I’m on the other side of this myself. My grandparents pretty much raised my sister and me, so when my grandmother passed away this summer, it was no cake walk. At all. To make matters worse, I had to handle her estate, and let me tell you, death brings out the worst in people who are driven by material objects. I think this has really prolonged my grief, because I’ve sort of had to shuffle it off to the side to deal with all the nuisances in my family.
I’m not going to lie, it isn’t easy. You’re going to go through a wide range of emotions, and my advice is: just let them come. Sure, you’ll feel empty and hollow, maybe even nauseas like I did, but it’s necessary. You must feel these things in order to let healing begin. If you don’t release that energy, it could turn into depression, rather than simple grief.
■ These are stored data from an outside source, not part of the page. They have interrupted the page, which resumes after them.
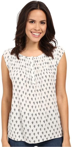 Mavi Jeans Cap Sleeve Pintuck Detail Top Antique Print White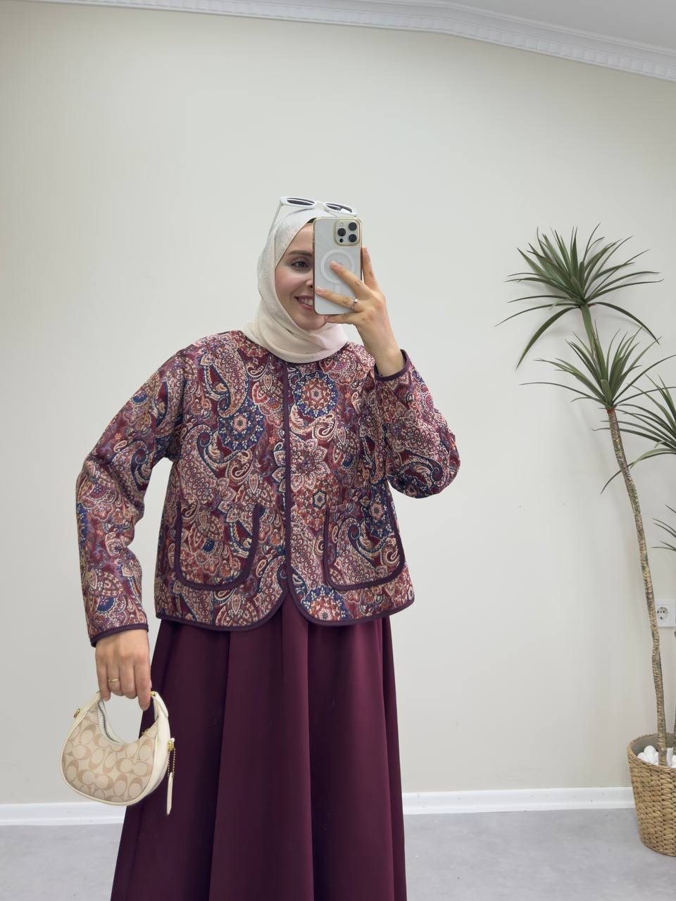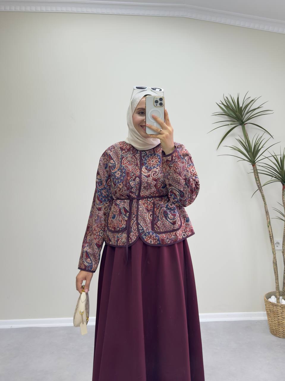 Manken ölçüleri 58 kg 165 cm boy 1 beden tercih etmiştir.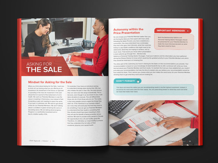 The goal was to create a clear, easy-to-use guide that in-Club Associates could reference and annotate while building their sales skills. The updated materials were designed to support onboarding, improve confidence, and provide consistency across locations.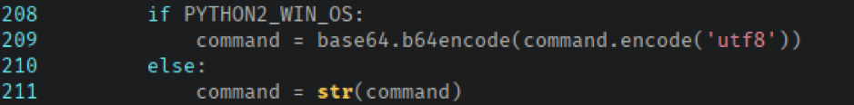 Before the method returns, the value of the command variable is updated, again determined by the operating system. On Linux and macOS the value is cast as a string; on Windows it is Base64 encoded.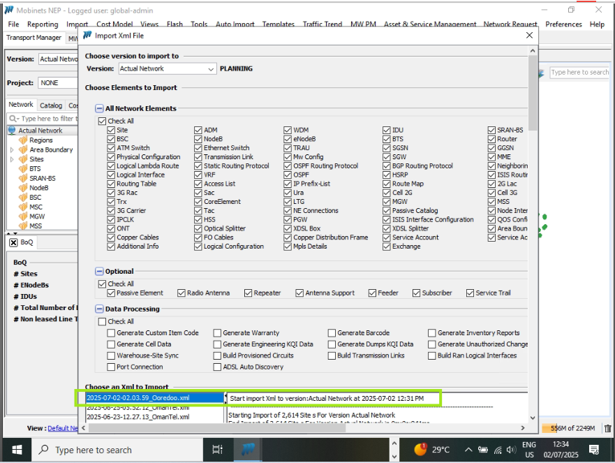 Error While Saving The Importer Report For The Version Actual Network During Nokia_RAN XML Import On .102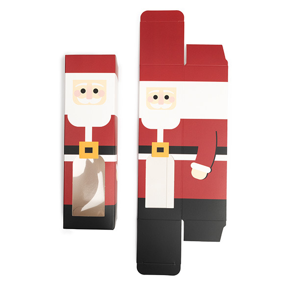 Add a sprinkle of holiday magic to your packaging with Santa Paper Boxes with Windows. Measuring 2 1/4" x 2 1/4" x 8", SKB228S can easily hold delicious baked goods, candy, fun crafts and more. Created from 300gsm food safe paper materials, each box comes with a clear PET window located on the front panel to offer a sneak peek of its contents. The adorable Santa design comes printed on all sides of the box and will be sure to stand out. For ease in shipping and storage, these boxes arrive flat but can be assembled by forming along the soft fold lines and tucking in the end tabs for a closure. Bring joy to every holiday gift, boutique, bakery, party, or any special occasion with these enchanting boxes!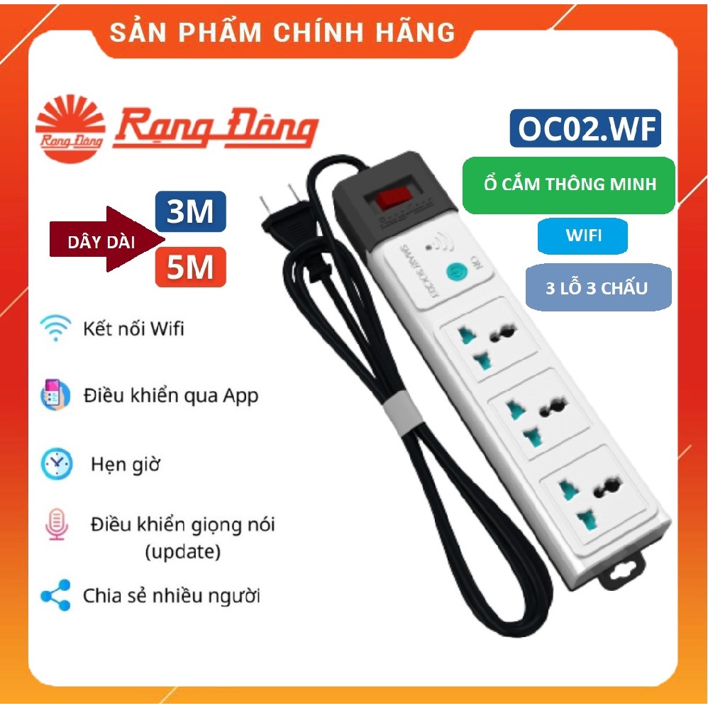 Thiết Bị Điện Gia Dụng > Mạch điện & Phụ tùng > Ổ cắm điện & Dây nối || Ổ Cắm Thông Minh Wifi Rạng Đông OC02.WF - 3 lỗ 3 chấu - dây dài 3m đến 5m - Chức Năng Hẹn Giờ, Điều Khiển Từ XaCòn hàng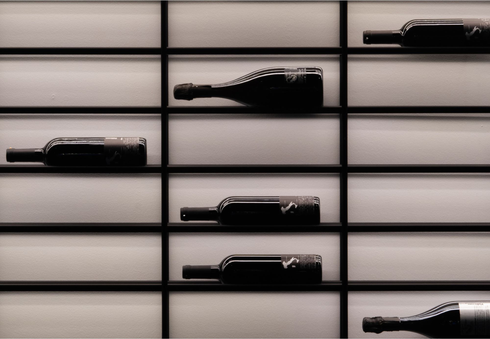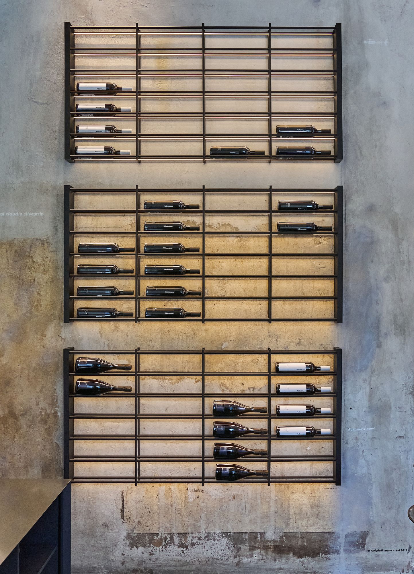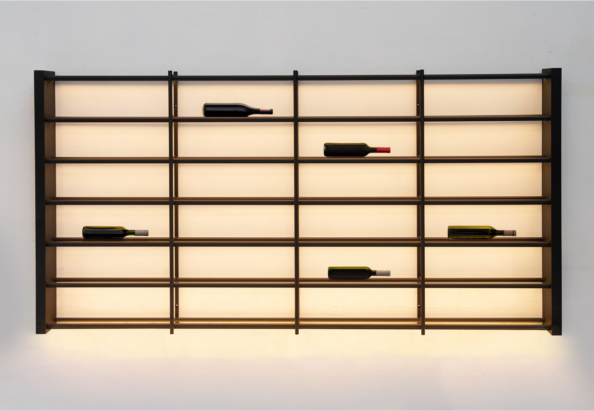 bottigliera 01. 76 bottles, 1577x100x2500mm, 4 modules for 19 shelves, 2x88W.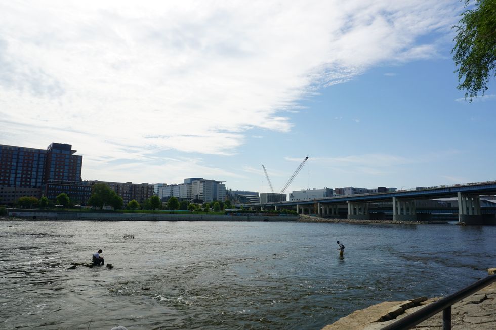 A bike ride out of town, along the river, includes a significant change in soundscape. Starting in downtown at the Sixth Street Dam, the river makes noise, but doesn't roar. Construction noise and traffic from two busy highways are most obvious.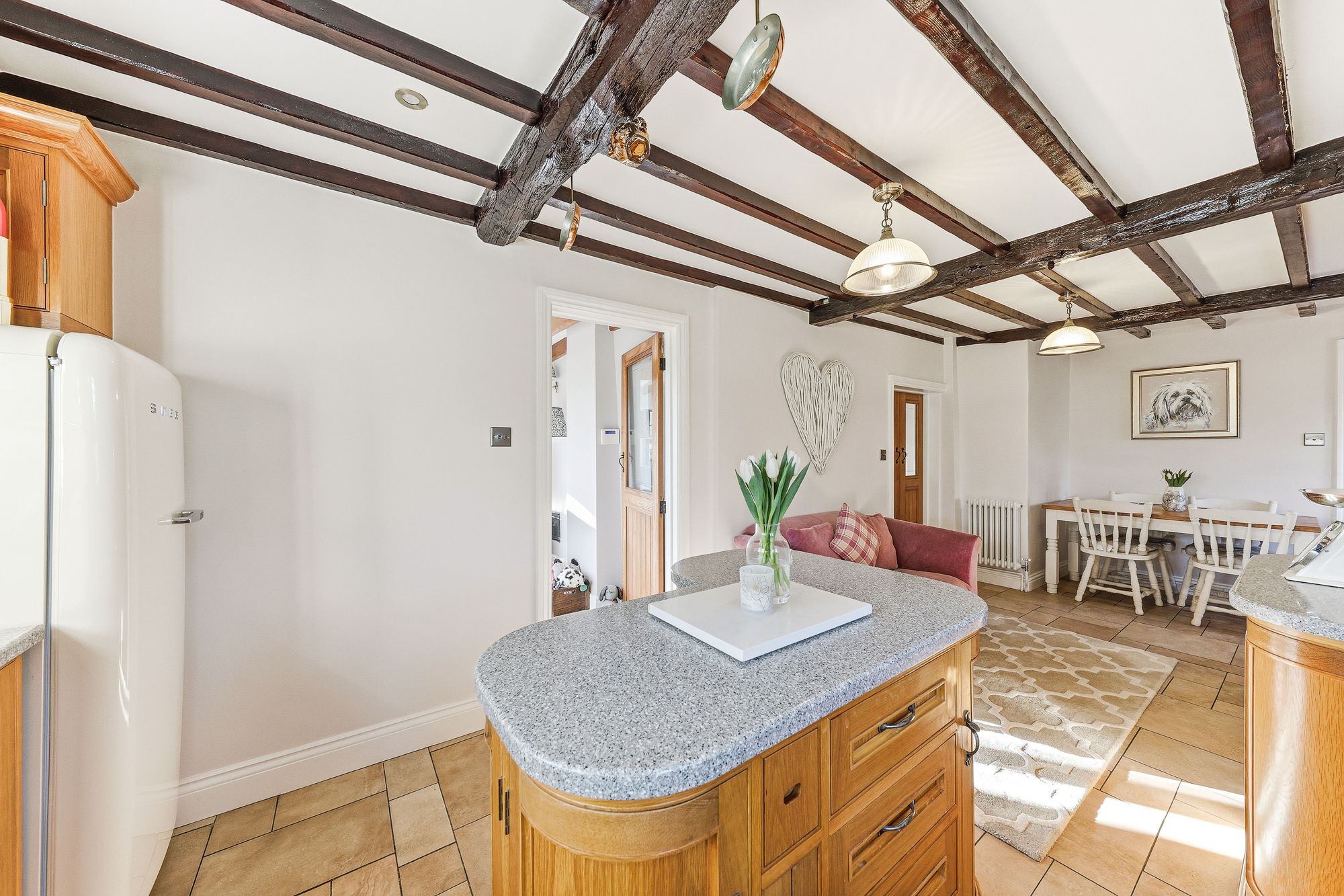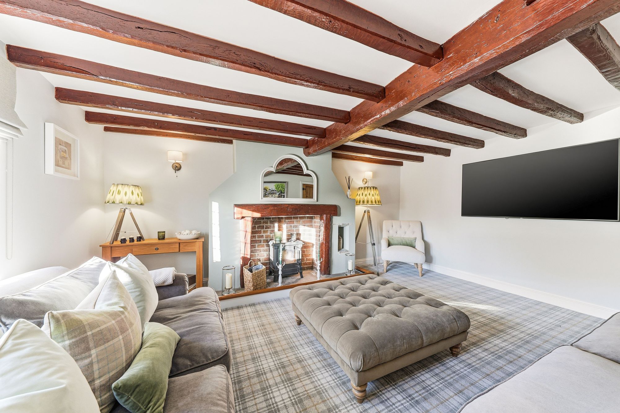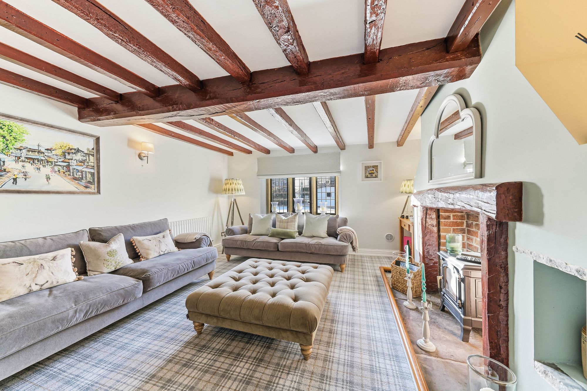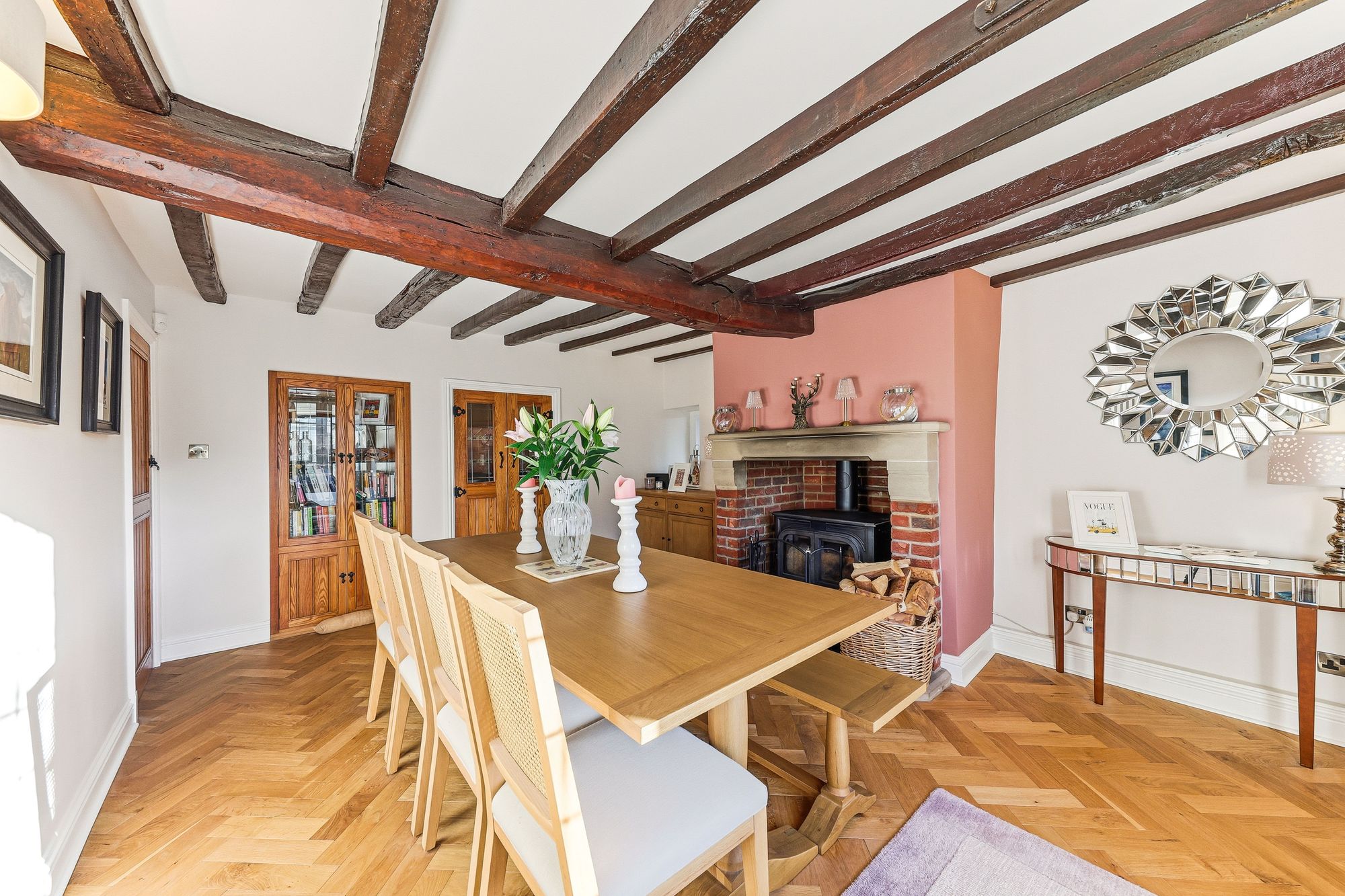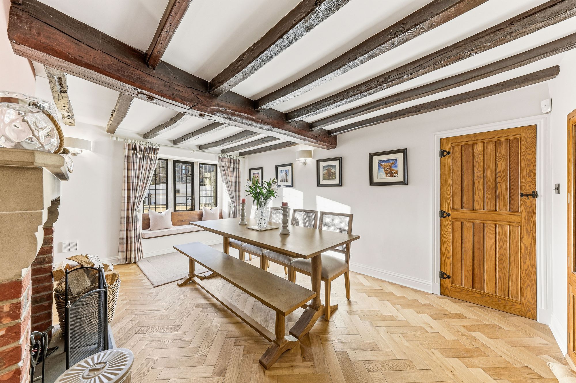 The lounge is a beautifully proportioned reception room, bursting with period charm and timeless character. A bank of stunning mullioned windows with leaded detailing frames the front elevation, allowing natural light to pour in while showcasing the home’s exquisite craftsmanship. Exposed beams add warmth and authenticity, complemented by an impressive inglenook brick fireplace with decorative stove fire, set upon a raised stone hearth and forming a striking focal point to the room. Decorated in soft, warm tones, the lounge offers generous proportions ideal for both relaxed family living and refined entertaining.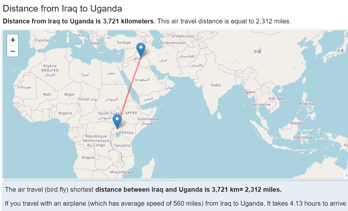 And it’s not far from the Isis headquarters of Iraq, only 4 hours flight from Uganda: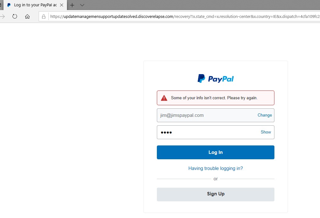 Another aspect of the sandbox analysis is that it has uncovered the potential Command & Control server. This is where the malware “phones home” and awaits instruction/sends data. Once again my curiosity got the better of me, so I’ve turned on a sandboxed PC to try the link.  It didn’t disappoint – a great fake Paypal Login page. (aside from the URL)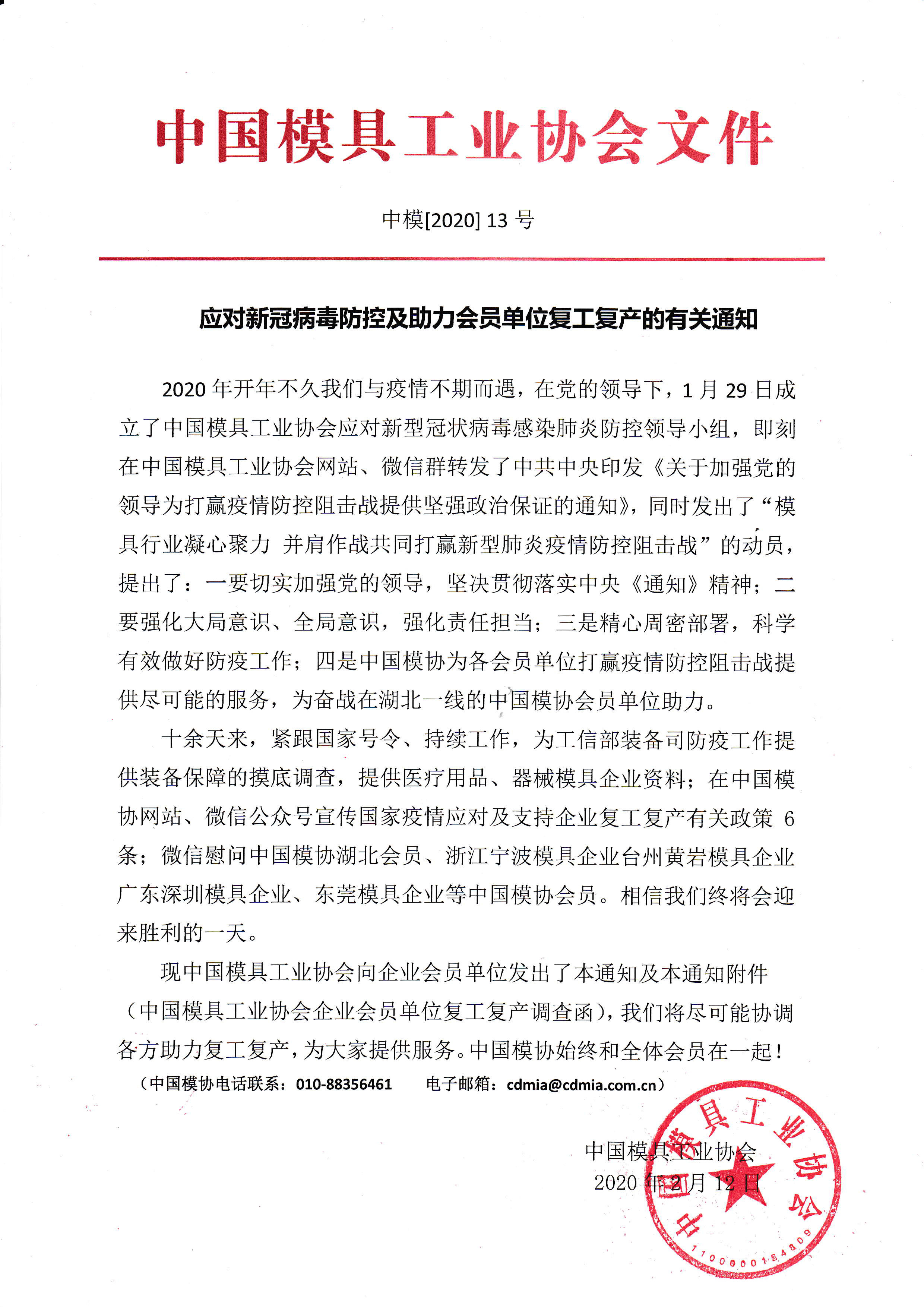 應對新冠病毒防控及助力會(huì )員單位復工復產(chǎn)的有關(guān)通知

I can’t tell you what to expect– I wanted to see no one for several weeks following her death, and I didn’t even want to leave my bedroom. Even if I wasn’t just slinking around in my bed like a lump of lazy, I didn’t want to physically be outside of the bedroom, so I did all my work there, had my meals, cleaned out closet / reorganized dressers, etc. I just couldn’t stand to be in the rest of the house because I associated it with “other people,” and I very much wanted to be alone. Other people love keeping occupied outside of the home. Socialites constantly keeping busy with friends and acquaintances to keep their mind off of the event might be theraputic.
Whatever it is that helps you, embrace it. Be kind to yourself, allow yourself extra time to sleep if you need to, grief takes a lot out of you.
Before all of that, enjoy the time you have with her. The last time I saw my grandmother was on my honeymoon. My DH and I cut out our travelling in Canada to head to the state my father had her in, and I took my wedding dress as a surprise for her to see. I changed into it, and took pictures with her. We talked about our favorite moments together, and I thanked her for being like my mother, and everything she’s ever done for my sister and me. I asked her what her favorite little girl’s name was, because I wanted to honor her in some way (she knew that her name was too old fashioned, and hated it anyway) so we decided on Annie. I hated saying goodbye, and it killed me that I had to do it, but at the same time, that is one of my most favorite moments with her. She passed away less than a year since then.
I’m sorry you’re going through this too, and I hope you find a way to come to peace that works for you. If you need support, I’m just a PM away.